For conditional requests (e.g., allocate resources A or resources B for a job): 

Motivation for #1 & #2:  start the job sooner, trading lower performance/efficiency/cost/utilization… for a faster start time

Use Cases:

1.      User requests job allocating 64 cores; if the job will be started sooner if it requested 32 cores, then run it on 32 cores instead; ditto for 16 cores

a.      Multiple distinct resource request options are provided, and only one is chosen and allocated for the job

      1. The use case has only a single, node-level resource

b.      The resource request options are prioritized first by site-policy, then by the order provided by the user.  If any resource request option can be started (based on site-policy and available resources), the highest priority option is started.

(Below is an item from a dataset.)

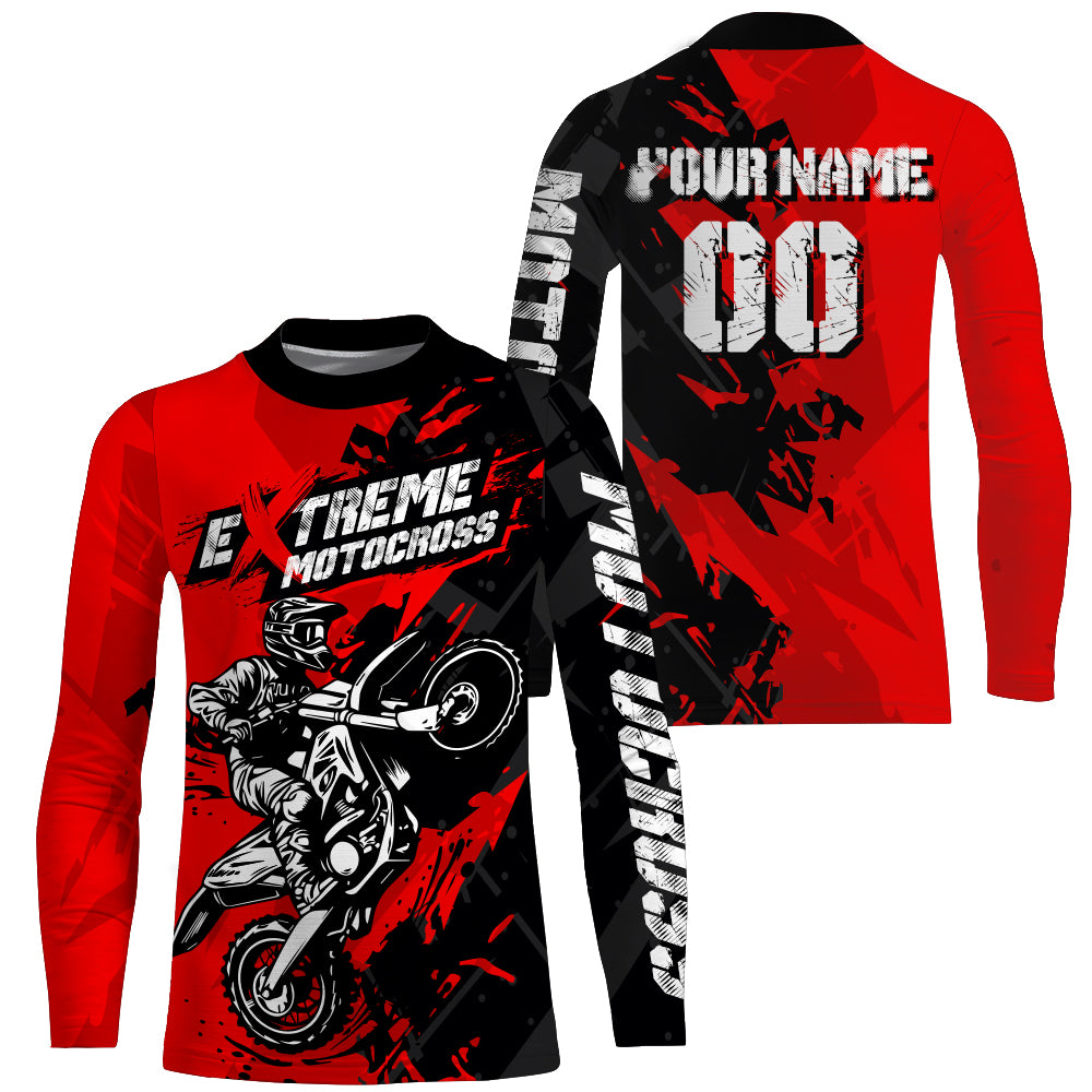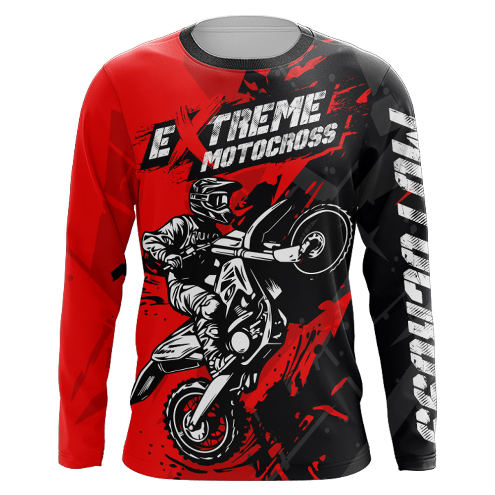 Red Motocross Racing Jersey UPF30+ Youth Mens Women Kids Dirt Bike Shirt Off-Road Motorcycle XM60

2.      User requests or admin forces job to allocate “like nodes”; “like nodes” all have the same value for some property, resource, or attribute, such as (a) all nodes have the same CPU type (e.g., Intel Sandybridge) or (b) all nodes are attached to the same network fabric (e.g., QDR Infiniband).  (Note: so far, this is exactly the behavior of “place=group=X” in PBS Pro.)   Further, if the job will be started sooner if the job requested like nodes based on a different “like value”, then run it on nodes with that “like value” (e.g., use Intel IvyBridge versus Intel SandyBridge or use FDR Infiniband versus QDR Infiniband).  Ditto for a third choice of “like value”.

a.      Multiple distinct resource request options are provided, and only one is chosen and allocated for the job

      1. The use case has only a single, non-consumable, node-level resource

b.      The resource request options are prioritized first by site-policy, then by the order provided by the user.  If any resource request option can be started (based on site-policy and available resources), the highest priority option is started.

c.       The use case only has two resource request options, but it makes sense to assume there may be more than two, but the usual number is less than 10.

 

Motivation for #3:  Some combination of better node utilization and better application performance

3.      User requests or admin forces jobs requesting N cores to be allocated exclusively onto the smallest quantity of “like nodes” (with respect to resources_available.ncpus), where each node is fully allocated (with respect to ncpus).  E.g., job requests select=64:ncpus=1 and system has both 16-core nodes and 32-core nodes – either allocate 4 16-core nodes (each with 16 chunks) or allocate 2 32-core nodes (each with 32 chunks)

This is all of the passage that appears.